Companies had shown more resilience to rising inflation, so around 1960 in the United States, UK, Germany and Japan, the “yield gap” between government bonds and shares was reversed. For the next half-century, the dividend yield on shares was below that on government bonds. Until now.

In the UK, Germany and Japan, shares now yield more than government debt. In the United States, the gap has shrunk to around 0.3 percent. This, says Citigroup <C.N>, marks the end of the cult of the equity — extinguished by two 50 percent bear markets (after the dotcom mania and then the credit bubble), a glut of equity issuance and the flight of pension funds from shares to bonds.

Yet the funds are buying bonds because they (or their advisers) deem them low-risk, not because they believe them to be cheap. Today’s bond prices signal that inflation will not return for at least a decade, despite sustained and determined efforts from the world’s central banks to stimulate it.

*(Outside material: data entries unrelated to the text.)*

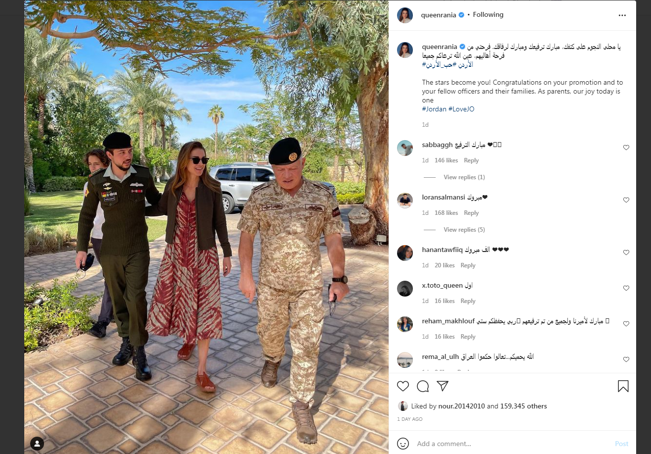 كما احتفلت المكلة رانيا بترقية ولي العهد عبر حسابها الرسمي على "إنستجرام"، ونشرت صورة جمعتها به وبالملك معلقة: "يا محلى النجوم على كتفك، مبارك ترفيعك ومبارك لرفاقك. فرحتي من فرحة أهاليهم، عين الله ترعاكم جميعا".
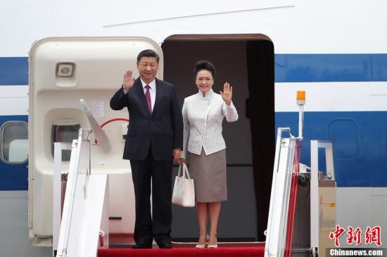 中共中央总书记、国家主席、中央军委主席习近平6月29日中午乘专机抵达香港,出席将于7月1日举行的庆祝香港回归祖国20周年大会暨香港特别行政区第五届政府就职典礼,并视察香港特别行政区。图为习近平和夫人彭丽媛走出舱门,向欢迎的人群挥手致意。中新社记者 盛佳鹏 摄原标题:习近平抵达香港 出席庆祝香港回归20周年大会暨香港特别行政区第五届政府就职典礼并视察香港
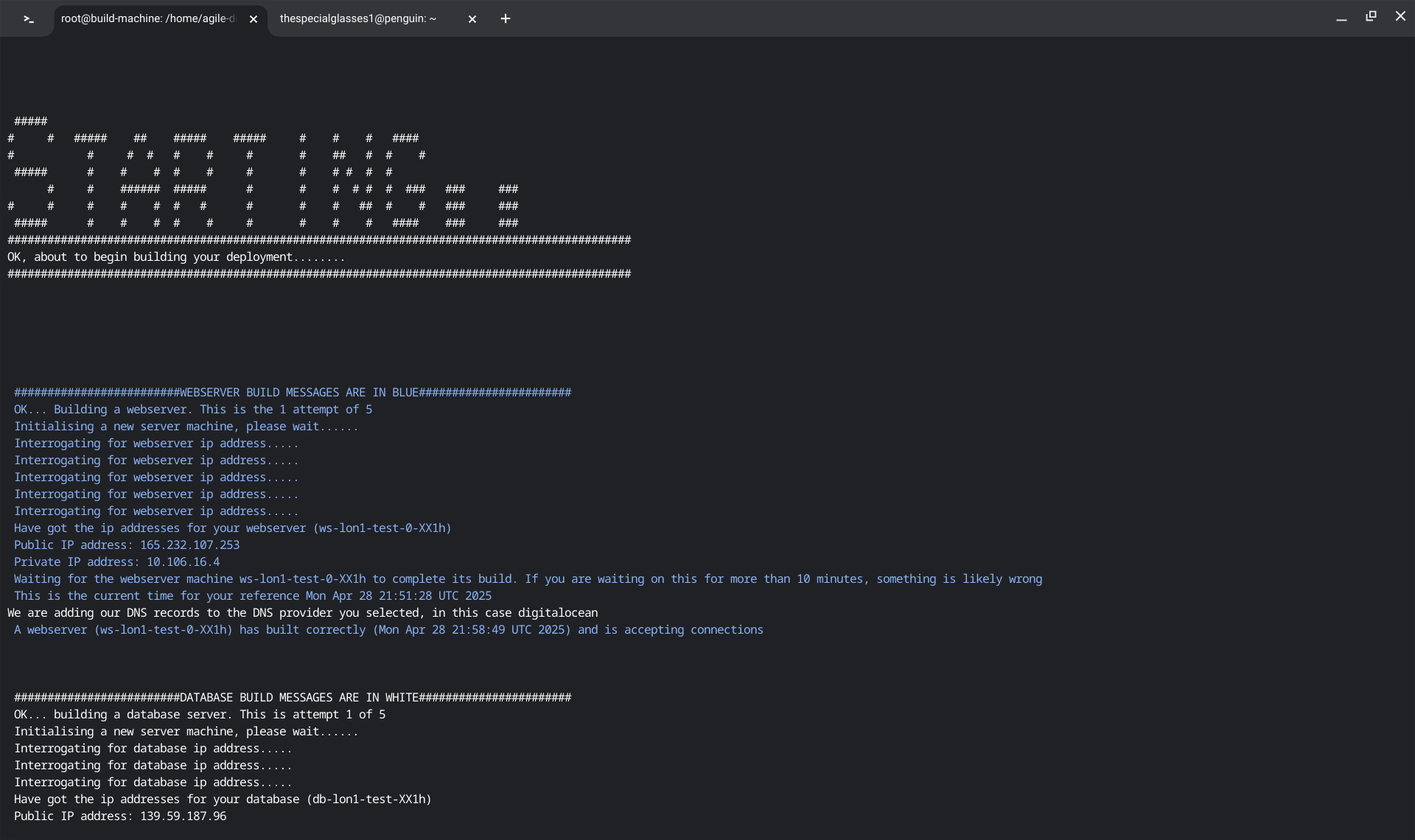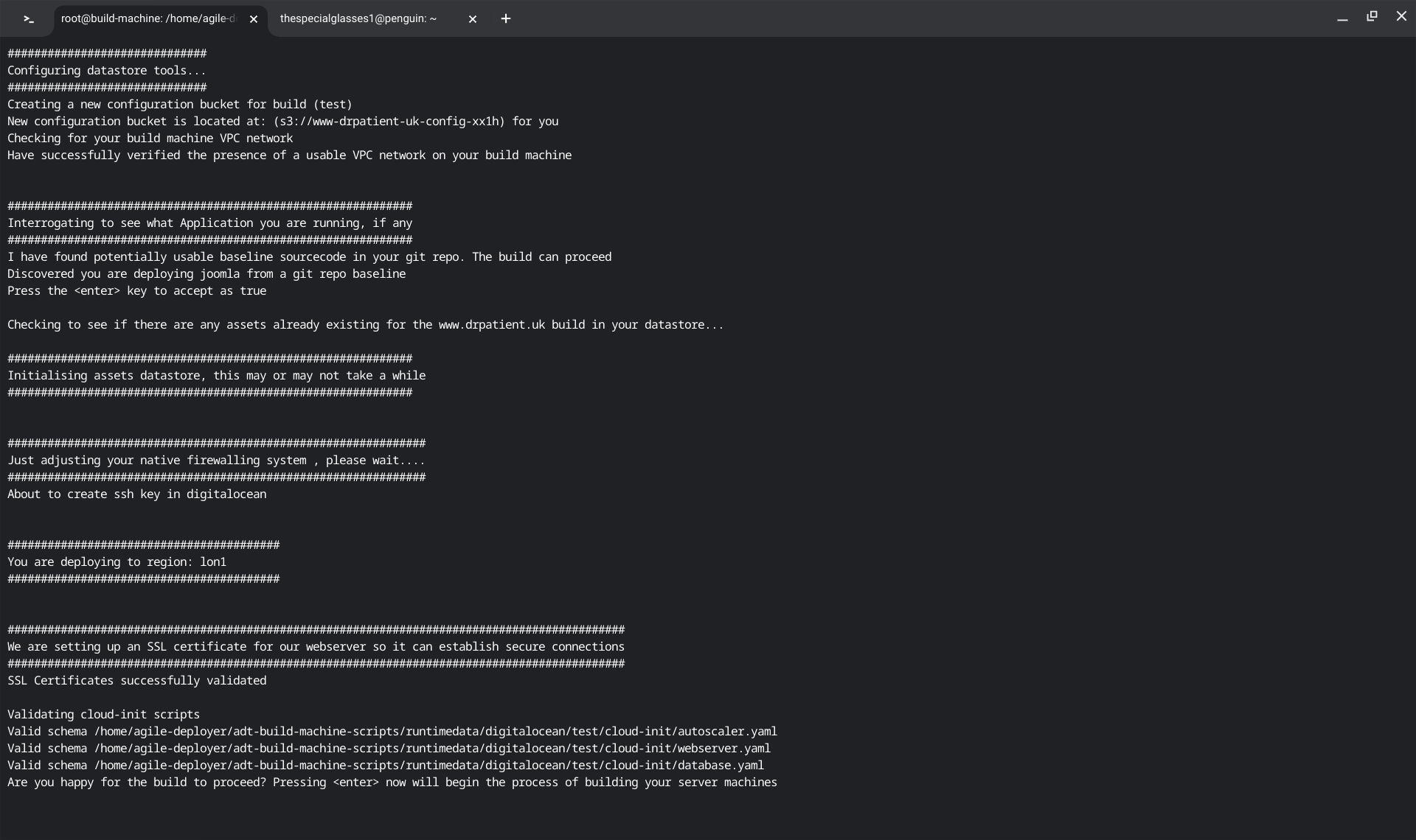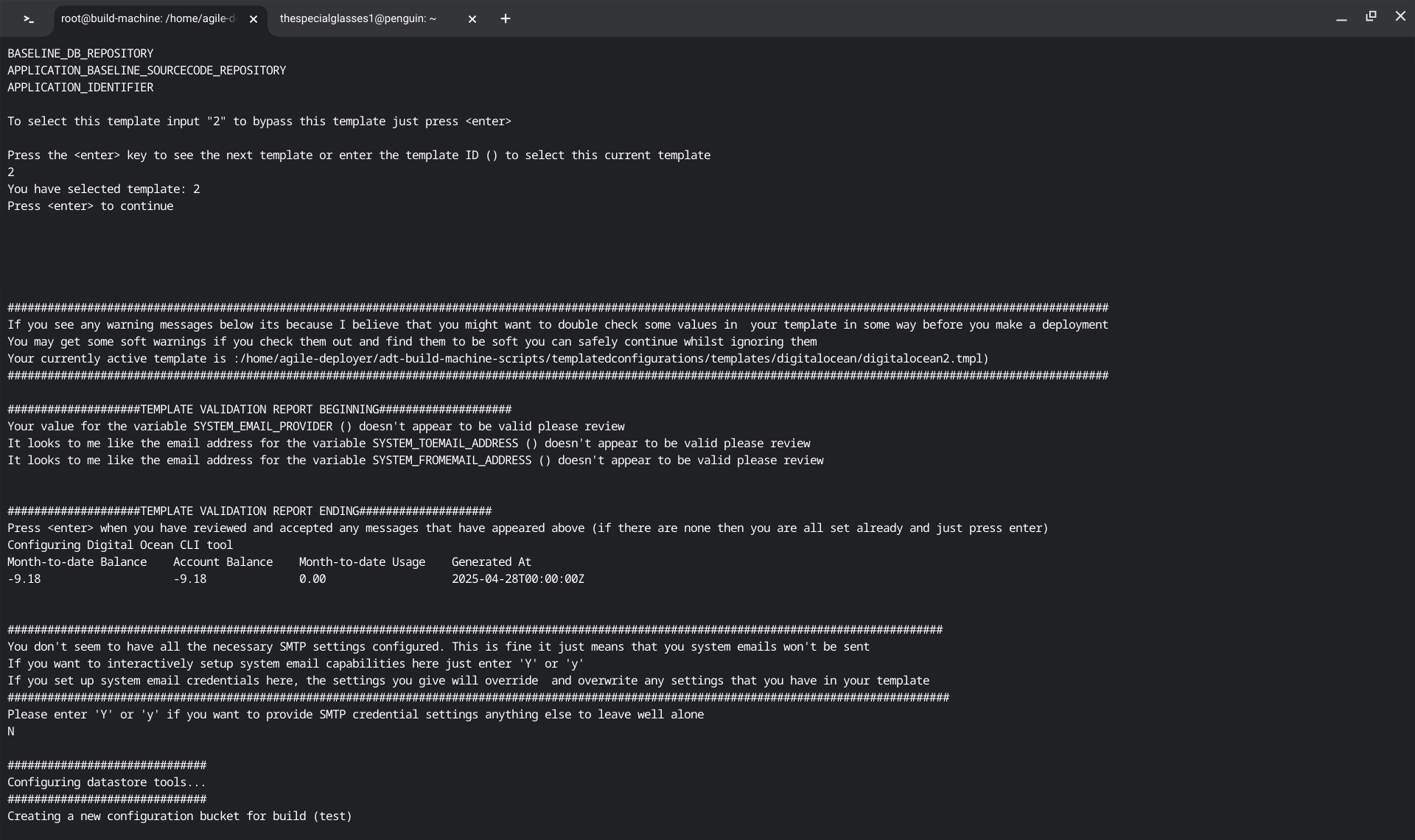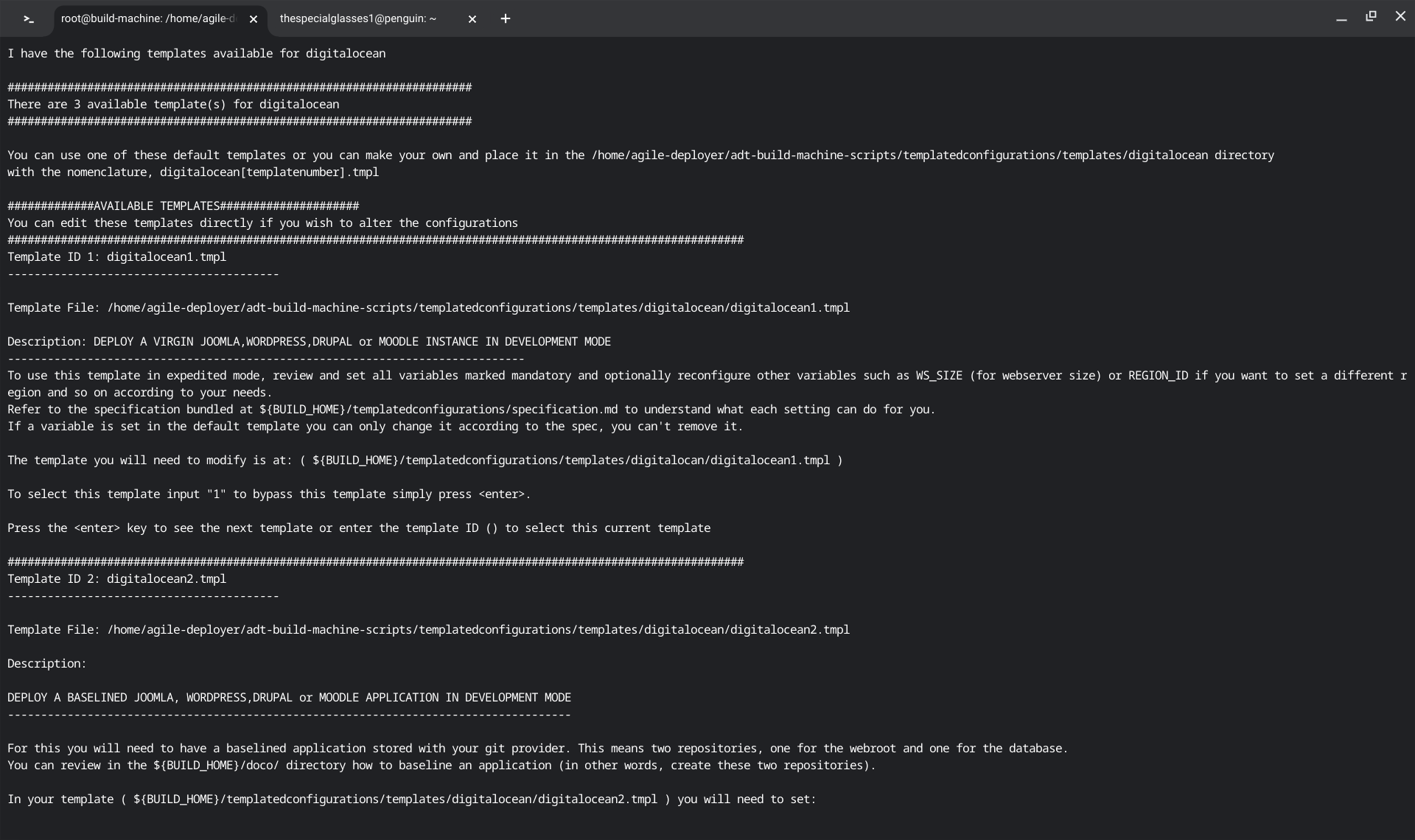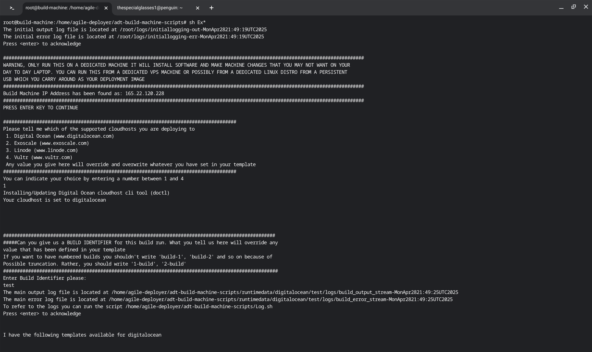 If your template is configured correctly you can now run the build process selecting the appropriate template and cloudhost (digitalocean and template 2 in other words). On your build machine, do as follows:

The risk that central banks will succeed is not priced in, while the risk that they won’t, and that economies stagnate (or worse), is priced into shares. Yet companies have rebuilt their balance sheets after the crisis, and despite sluggish top-line growth, dividends — that unsung, vital part of long-term performance – look sustainable.

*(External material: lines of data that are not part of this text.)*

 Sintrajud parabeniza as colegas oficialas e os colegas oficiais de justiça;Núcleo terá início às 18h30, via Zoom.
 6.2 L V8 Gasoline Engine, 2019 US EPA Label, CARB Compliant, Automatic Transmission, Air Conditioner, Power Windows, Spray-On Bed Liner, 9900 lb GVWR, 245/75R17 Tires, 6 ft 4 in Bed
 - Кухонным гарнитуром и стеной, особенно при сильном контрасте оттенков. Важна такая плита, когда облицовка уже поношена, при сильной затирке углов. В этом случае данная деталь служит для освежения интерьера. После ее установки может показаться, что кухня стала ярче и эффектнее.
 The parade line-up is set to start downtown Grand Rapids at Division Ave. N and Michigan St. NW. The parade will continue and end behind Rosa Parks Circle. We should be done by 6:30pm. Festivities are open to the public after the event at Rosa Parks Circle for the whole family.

Many companies are even raising their payouts. The UK FTSE 100 embraces a fair cross-section of world shares. Evolution Securities estimates its forward yield at 3.8 percent, while 10-year UK gilts return 3.0 percent. Such inversions are extremely rare — as rare as the best opportunities to buy good assets cheaply.

— Citigroup calculates that German equities trade on a 2.9 percent dividend yield, while bunds are on 2.1 percent, and that Japanese equities return 2.0 percent, against 1.0 percent on JGBs.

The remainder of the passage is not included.